In a video message for the launch of a policy brief on the impact of coronavirus on people on the move, Guterres asked countries to develop a new mindset on human mobility, Xinhua news agency reported.

“The COVID-19 crisis is an opportunity to re-imagine human mobility. Four core understandings must guide the way,” he said.

First, exclusion is costly and inclusion pays. An inclusive public health and socio-economic response will help suppress the virus, restart the economies and advance the Sustainable Development Goals, said Guterres.

Second, human dignity must be upheld in face of the pandemic. Lessons should be learned from the handful of countries that have shown how to implement travel restrictions and border controls while fully respecting human rights and international refugee protection principles, he said.

Third, no one is safe until everyone is safe. Diagnostics, treatment and vaccines must be accessible to all, said the UN chief.

Fourth, people on the move are part of the solution, he noted. “Let us remove unwarranted barriers, explore models to regularize pathways for migrants and reduce transaction costs for remittances.”

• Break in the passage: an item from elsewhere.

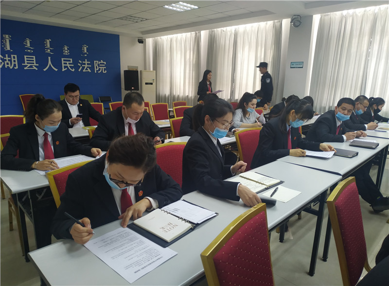 博湖县人民法院党组书记周德海表示,作为政法干警必须挺纪在前,绝对服从党的领导,任何时候都要党走在前,如此才能为我国法治建设提供坚实后盾。

Guterres expressed gratitude to countries, especially developing countries, that have opened their borders and hearts to refugees and migrants, despite their own social, economic and health challenges.

People on the move face a protection crisis as more than 150 countries have imposed border restrictions to contain the spread of the virus. At least 99 states make no exception for people seeking asylum from persecution. At the same time, fear of COVID-19 has led to skyrocketing xenophobia, racism and stigmatization, he said.